Si, conformément au dernier paragraphe de l'article 38 de la convention, le contrat de travail stipule l'inclusion du 13e mois, le salarié devra durant l'année civile percevoir une rémunération au moins égale :
― au salaire minimum brut annuel correspondant à son niveau ;
― ou pour les salariés relevant du statut de négociateur immobilier (avenant n° 31) à 13 fois le salaire minimum brut mensuel.

Étant précisé qu'en cas de variation du salaire minimum brut mensuel en cours d'année il faudra appliquer un prorata en fonction des périodes où chaque salaire minimum était en vigueur.

En 2008, le salaire minimum brut mensuel des négociateurs immobiliers VRP qui s'élevait à 950 € au 1er janvier et a été porté à 1 300 € au 1er juillet 2008. Au titre de cette année le négociateur doit avoir perçu 14 625 €, soit (950 € × 6)/12 × 13 + (1 300 € × 6)/12 × 13, soit 6 175 + 8 450 = 14 625 €.



Précisions sur le mode de détermination du salaire minimum brut annuel du niveau E1
En vigueur étendu


Le salaire minimum brut annuel du niveau E1 de la grille de classification est défini selon la proratisation des différents SMIC applicables sur l'année.
Pour exemple, en 2008 :
― SMIC au 1er juillet 2007 : 8, 77 € par heure, soit 1 280, 07 € par mois ;
― SMIC au 1er mai 2008 : 8, 63 € par heure, soit 1 308, 88 € par mois ;
― SMIC au 1er juillet 2008 : 8, 71 € par heure, soit 1 321, 02 € par mois.
Concernant le niveau E1 de la grille de classification :
― du 1er janvier 2008 au 30 avril 2008 : 5 120, 28 € ;
― du 1er mai 2008 au 30 juin 2008 : 2 617, 76 € ;
― du 1er juillet 2008 au 31 décembre 2008 : 7 926, 12 €.
Soit 15 664, 16 € sur 12 mois et 16 969, 50 € sur 13 mois.
L'avenant n° 39 du 2 juin 2008 fixe le premier niveau à 17 016 €.

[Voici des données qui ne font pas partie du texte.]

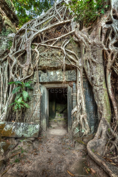Древняя каменная дверь и корни деревьев, храм Та Пром, Ангкор

Précisions sur l'application de l'article 21.1 concernant les jours fériés
En vigueur étendu

Avenant n° 26 du 22 mars 2004 portant actualisation de la convention collective nationale de l'immobilier prévoit dans son article 21. 1 :
« Les jours fériés sont les 11 fêtes légales visées à l'article L. 222-1 du code du travail : 1er Mai, 1er janvier, lundi de Pâques, 8 mai, Ascension, lundi de Pentecôte, 14 Juillet, Assomption, Toussaint, 11 Novembre et Noël. »
Conformément à l'ancien article 21. 1 de la convention collective nationale de l'immobilier et aux usages dans la branche, les partenaires sociaux réaffirment le caractère chômé et rémunéré des 11 fêtes légales visées à l'article L. 3133-1 du code du travail.



En vigueur étendu


Les parties signataires conviennent de demander l'extension dans les meilleurs délais du présent avenant.